The boy returns with a jug of water. Sumner drinks half of it and uses the remainder to rinse off his wound. Just above the ankle, the shinbone slants backwards at an angle. The foot lolls uselessly below. Compared to the abominations of the field hospital his case is mild, but the sight fills him with fear nonetheless. He shuffles across to the stove and selects two long sticks of firewood from the pile next to it. He takes his jackknife from his tunic pocket, unlocks the blade, and begins to trim and smooth the wood. The boy watches him impassively. Sumner places one piece of firewood on either side of his leg, then gestures for the blanket that the boy was sleeping on. The boy brings it over to him and he tears it into strips. The boy doesn’t move or speak. Sumner leans forwards and starts binding the splints with the pieces of dirty blanket. Just tight enough, he tells himself, but not too tight.

Soon he is drenched with sweat and panting. He can feel the sour taste of vomit rising up his throat. The sweat is stinging his eyes, and his fingers are trembling. He prods the second strip of blanket underneath his leg and then draws the ends together on top. He tries to tie them in a knot, but the pain is too severe. He gives up, pauses a moment, then tries and fails again. He opens his mouth in a silent scream, then grunts and falls backwards onto the floor. He closes his eyes and waits for his breath to return.

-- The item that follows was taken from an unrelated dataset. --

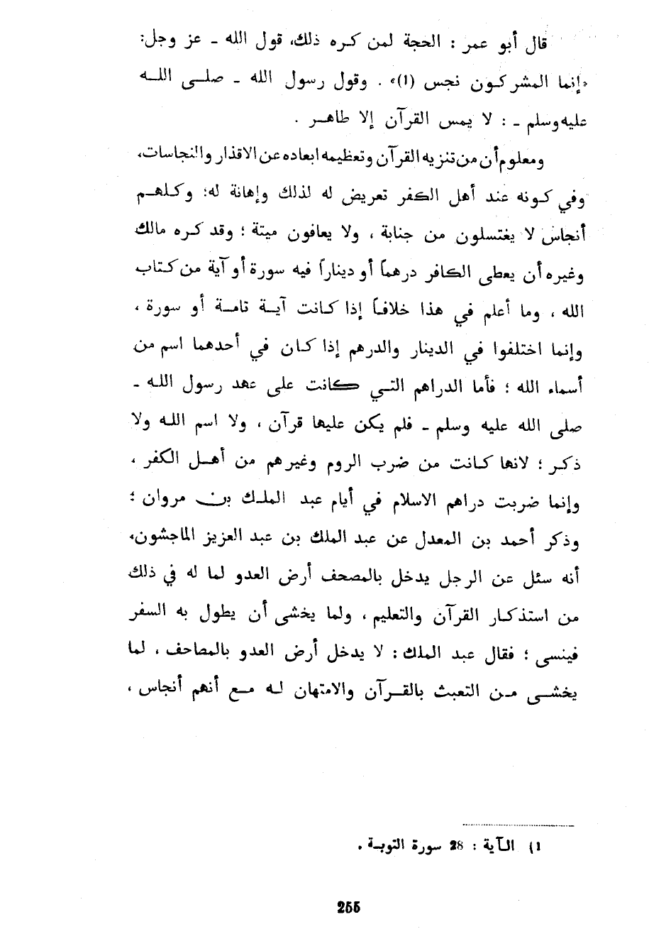 قَالَ أَبُو عُمَرَ الْحُجَّةُ لِمَنْ كَرِهَ ذَلِكَ قَوْلُ اللَّهِ عَزَّ وَجَلَّ إِنَّمَا الْمُشْرِكُونَ نَجَسٌ وَقَوْلُ رَسُولِ اللَّهِ صَلَّى اللَّهُ عَلَيْهِ وَسَلَّمَ لَا يَمَسَّ الْقُرْآنَ إِلَّا طَاهِرٌ وَمَعْلُومٌ أَنَّ مِنْ تَنْزِيهِ الْقُرْآنِ وَتَعْظِيمِهِ إِبْعَادَهُ عَنِ الْأَقْذَارِ وَالنَّجَاسَاتِ وَفِي كَوْنِهِ عِنْدَ أَهْلِ الْكُفْرِ تَعْرِيضٌ لَهُ لِذَلِكَ وَإِهَانَةٌ لَهُ وَكُلُّهُمْ أَنْجَاسٌ لَا يَغْتَسِلُونَ مِنْ جَنَابَةٍ وَلَا يَعَافُونَ مَيْتَةً وَقَدْ كَرِهَ مَالِكٌ وَغَيْرُهُ أَنْ يُعْطَى الْكَافِرُ دِرْهَمًا أَوْ دِينَارًا فِيهِ سُورَةٌ أَوْ آيَةٌ مِنْ كِتَابِ اللَّهِ وَمَا أَعْلَمُ فِي هَذَا خِلَافًا إِذَا كَانَتْ آيَةً تَامَّةً أَوْ سُورَةً وَإِنَّمَا اختلفوا في الدنيار وَالدِّرْهَمِ إِذَا كَانَ فِي أَحَدِهِمَا اسْمٌ مِنْ أَسْمَاءِ اللَّهِ فَأَمَّا الدَّرَاهِمُ الَّتِي كَانَتْ عَلَى عَهْدِ رَسُولِ اللَّهِ صَلَّى اللَّهُ عَلَيْهِ وَسَلَّمَ فَلَمْ يَكُنْ عَلَيْهَا قُرْآنٌ وَلَا اسْمُ اللَّهِ وَلَا ذِكْرٌ لِأَنَّهَا كَانَتْ مِنْ ضَرْبِ الرُّومِ وَغَيْرِهِمْ مِنْ أَهْلِ الْكُفْرِ وَإِنَّمَا ضُرِبَتْ دَرَاهِمُ الْإِسْلَامِ فِي أَيَّامِ عَبْدِ الْمَلِكِ بْنِ مَرْوَانَ وَذَكَرَ أَحْمَدُ بْنُ الْمُعَدَّلِ عَنْ عَبْدِ الْمَلِكِ بْنِ عَبْدِ الْعَزِيزِ الْمَاجِشُونِ أَنَّهُ سُئِلَ عَنِ الرَّجُلِ يَدْخُلُ بِالْمُصْحَفِ أَرْضَ الْعَدُوِّ لِمَا لَهُ فِي ذَلِكَ مِنِ اسْتِذْكَارِ الْقُرْآنِ وَالتَّعْلِيمِ وَلِمَا يَخْشَى أَنْ يَطُولَ بِهِ السَّفَرُ فَيَنْسَى فَقَالَ عَبْدُ الْمَلِكِ لَا يُدْخَلُ أَرْضُ الْعَدُوِّ بِالْمَصَاحِفِ لِمَا يُخْشَى مِنَ التَّعَبُّثِ بِالْقُرْآنِ وَالِامْتِهَانِ لَهُ مَعَ أَنَّهُمْ أَنْجَاسٌ

His heartbeat is like a heavy door somewhere off in the distance being slammed hard again and again. He waits, and eventually the shrill pain resolves into a nauseating ache. He rolls over and looks across at the boy.

“You must help me,” he says.

The boy doesn’t respond. Small black flies agitate across his lips and eyebrows, but he makes no effort to brush them away. Sumner points down at his leg.

“Tie it for me,” he instructs. “Tight but not too tight.”

The boy stands up, looks at the wound, and says something in Hindustani.

“Tight but not too tight,” Sumner says again.

The boy kneels down, takes hold of the bandage, and begins to tie the knot. The bone ends grind together. Sumner cries out. The boy stops, but Sumner impatiently gestures for him to carry on. He finishes the knot and ties the next one and the next one. When the splinting is finished, the boy goes out to the well behind the house, refills the water jug, and brings it back. Sumner drinks the water, then falls asleep. When he wakes up the boy is lying next to him. He smells of wet sawdust and is no larger than a dog; his breaths are slow and shallow. In the nearly lightless room, his sprawled body seems like no more than a thickening of the general darkness. Without moving his damaged leg, Sumner reaches out and touches the child as gently as he can manage. He is not sure which part of his body he is touching. The shoulder blade, is it? The thigh? The boy doesn’t stir or wake.

“You’re a good little fellow,” Sumner whispers to him. “A good little fellow, that’s what you are.”

At first light, the barrage recommences. The explosions are distant to begin with, but then, as the gunners find their range and the British troops gradually advance through the city, street by street, they become closer and louder. The room shakes and a fresh crack jags across the ceiling. They hear the fierce buzz of cannonballs passing overhead, then the dull basso crumble of collapsing walls.